Write out only the lines from the start of the entries up to and including the line with "当天中午,汪小菲本人对离婚传"; please skip the pictures.

Stored data entries
==========
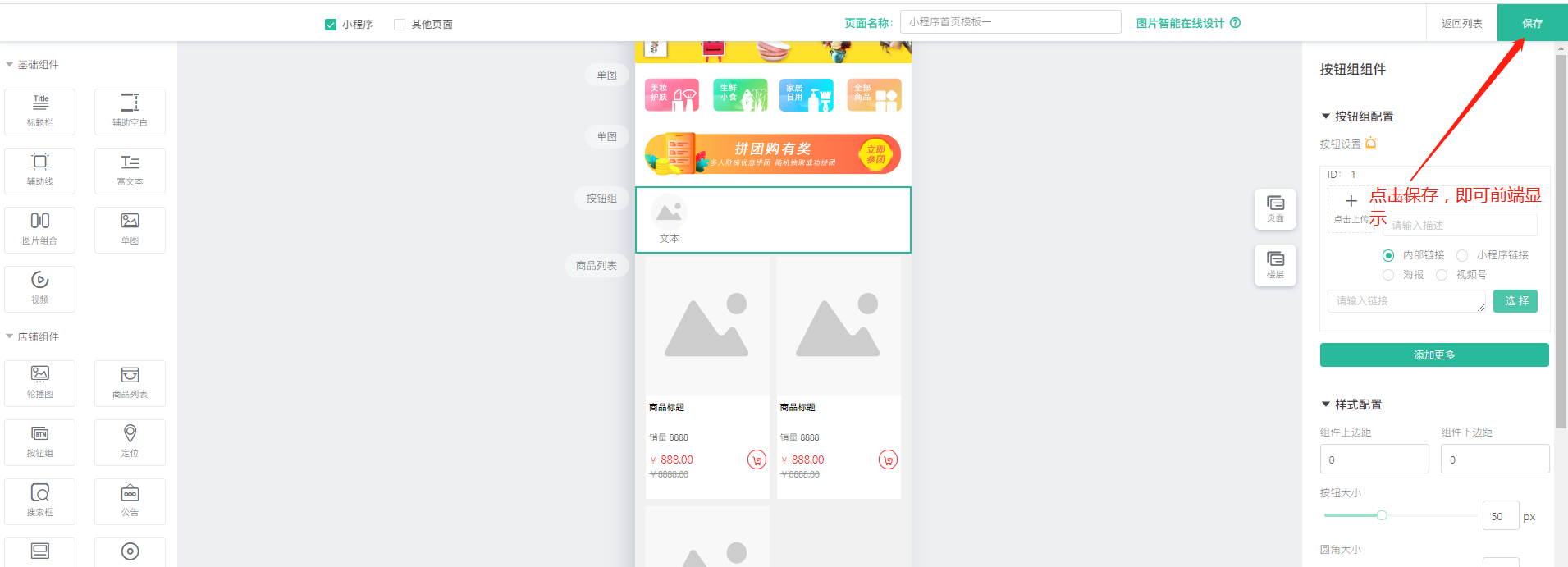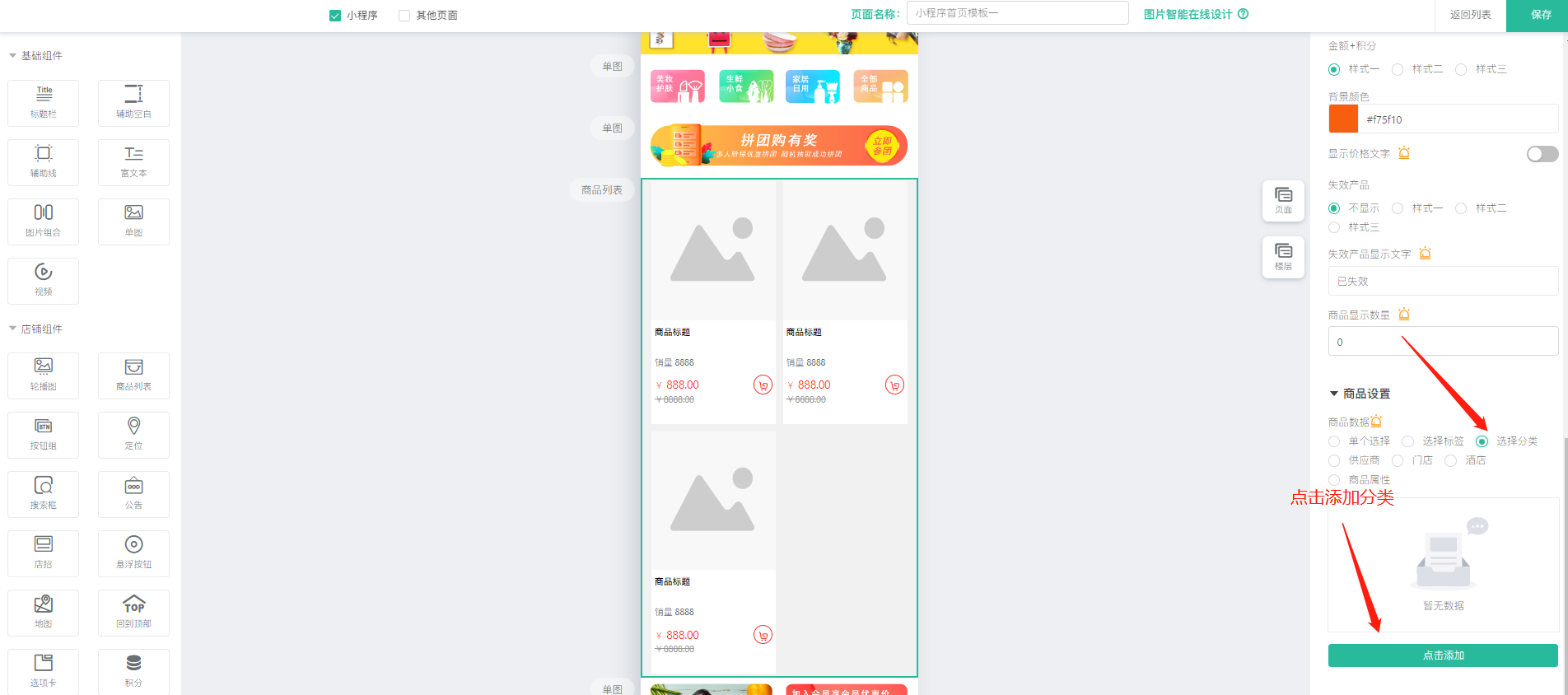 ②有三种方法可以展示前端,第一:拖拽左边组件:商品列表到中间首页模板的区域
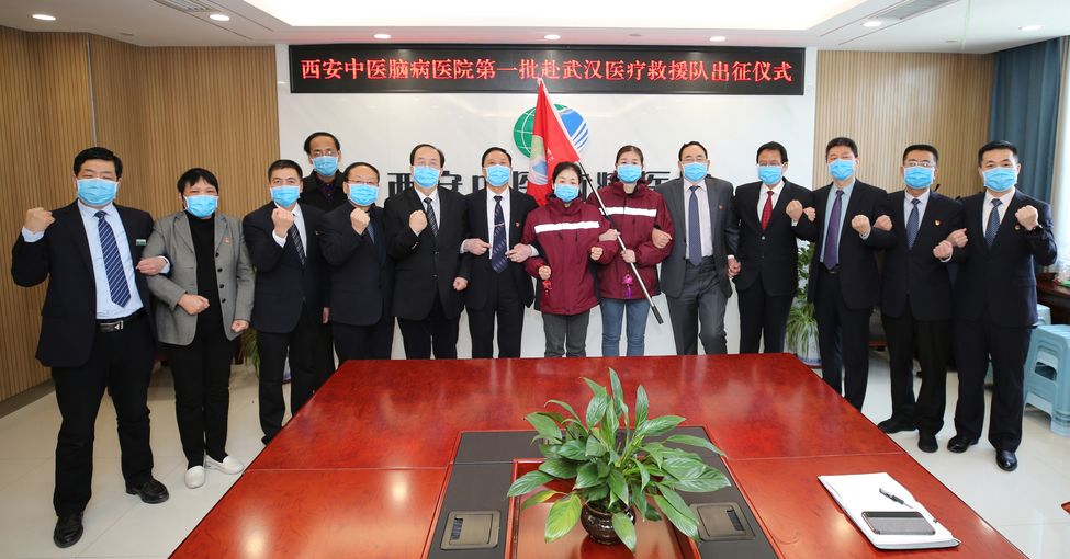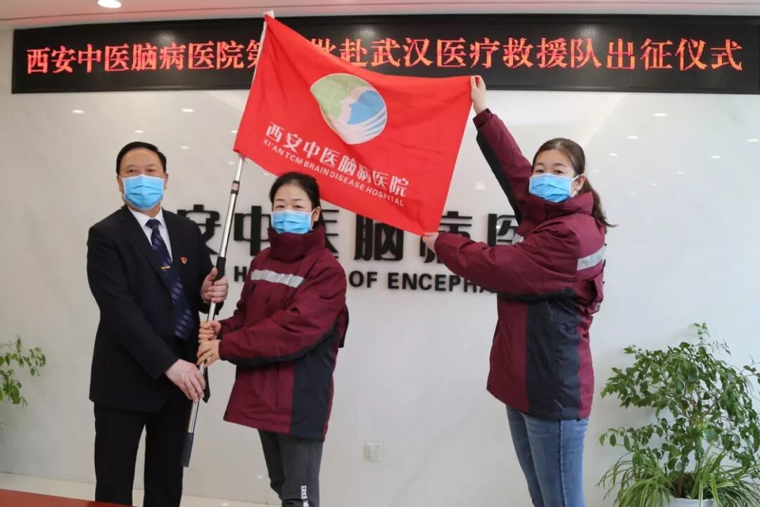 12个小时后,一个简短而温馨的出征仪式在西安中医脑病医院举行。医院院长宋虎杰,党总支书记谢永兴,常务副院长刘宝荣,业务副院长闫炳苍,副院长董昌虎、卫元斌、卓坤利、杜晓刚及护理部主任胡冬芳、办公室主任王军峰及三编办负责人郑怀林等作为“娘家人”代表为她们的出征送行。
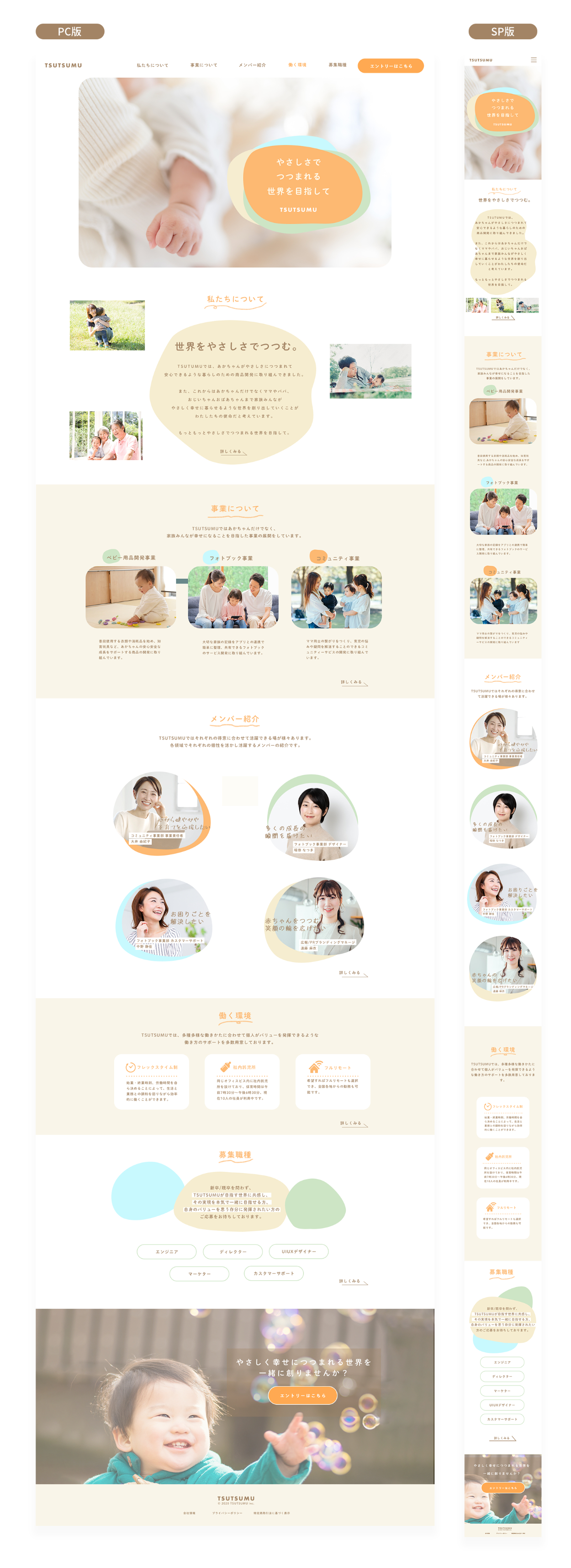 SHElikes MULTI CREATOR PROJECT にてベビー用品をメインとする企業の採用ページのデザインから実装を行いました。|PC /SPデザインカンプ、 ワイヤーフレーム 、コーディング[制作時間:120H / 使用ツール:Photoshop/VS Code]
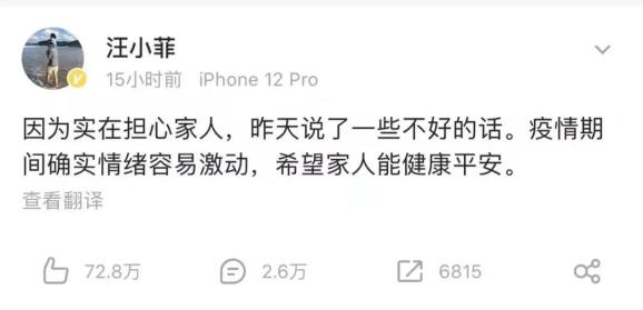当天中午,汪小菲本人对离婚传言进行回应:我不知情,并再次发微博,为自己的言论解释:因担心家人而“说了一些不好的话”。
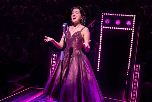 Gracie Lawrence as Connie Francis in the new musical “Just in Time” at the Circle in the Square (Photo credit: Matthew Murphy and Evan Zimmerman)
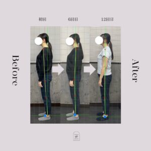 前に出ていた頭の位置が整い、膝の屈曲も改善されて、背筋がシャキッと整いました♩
==========
**Exercise result:**
 ②有三种方法可以展示前端,第一:拖拽左边组件:商品列表到中间首页模板的区域
 12个小时后,一个简短而温馨的出征仪式在西安中医脑病医院举行。医院院长宋虎杰,党总支书记谢永兴,常务副院长刘宝荣,业务副院长闫炳苍,副院长董昌虎、卫元斌、卓坤利、杜晓刚及护理部主任胡冬芳、办公室主任王军峰及三编办负责人郑怀林等作为“娘家人”代表为她们的出征送行。
 SHElikes MULTI CREATOR PROJECT にてベビー用品をメインとする企業の採用ページのデザインから実装を行いました。|PC /SPデザインカンプ、 ワイヤーフレーム 、コーディング[制作時間:120H / 使用ツール:Photoshop/VS Code]
当天中午,汪小菲本人对离婚传言进行回应:我不知情,并再次发微博,为自己的言论解释:因担心家人而“说了一些不好的话”。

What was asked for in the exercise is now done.